#### Directions:
Below are some records. Return exactly the lines from the one containing "Poetic Translation - Lyrics" through the one containing "韩系减龄多巴胺遮肉胖莹莹大码女装夏季轻薄休闲衬衫阔腿短裤套装", both included, and only those.

#### Records provided:
=== Section Start ===
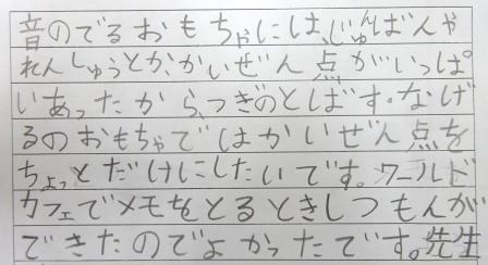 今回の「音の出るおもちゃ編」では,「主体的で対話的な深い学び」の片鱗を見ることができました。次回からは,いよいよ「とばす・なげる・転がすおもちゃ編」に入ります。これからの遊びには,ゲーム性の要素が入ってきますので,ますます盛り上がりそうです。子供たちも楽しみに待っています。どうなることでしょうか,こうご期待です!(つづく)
=== Section End ===
=== Section Start ===
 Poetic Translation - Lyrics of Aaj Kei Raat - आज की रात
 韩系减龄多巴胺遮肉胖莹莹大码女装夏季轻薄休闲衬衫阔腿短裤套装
=== Section End ===
#### Exercise result:
 Poetic Translation - Lyrics of Aaj Kei Raat - आज की रात
 韩系减龄多巴胺遮肉胖莹莹大码女装夏季轻薄休闲衬衫阔腿短裤套装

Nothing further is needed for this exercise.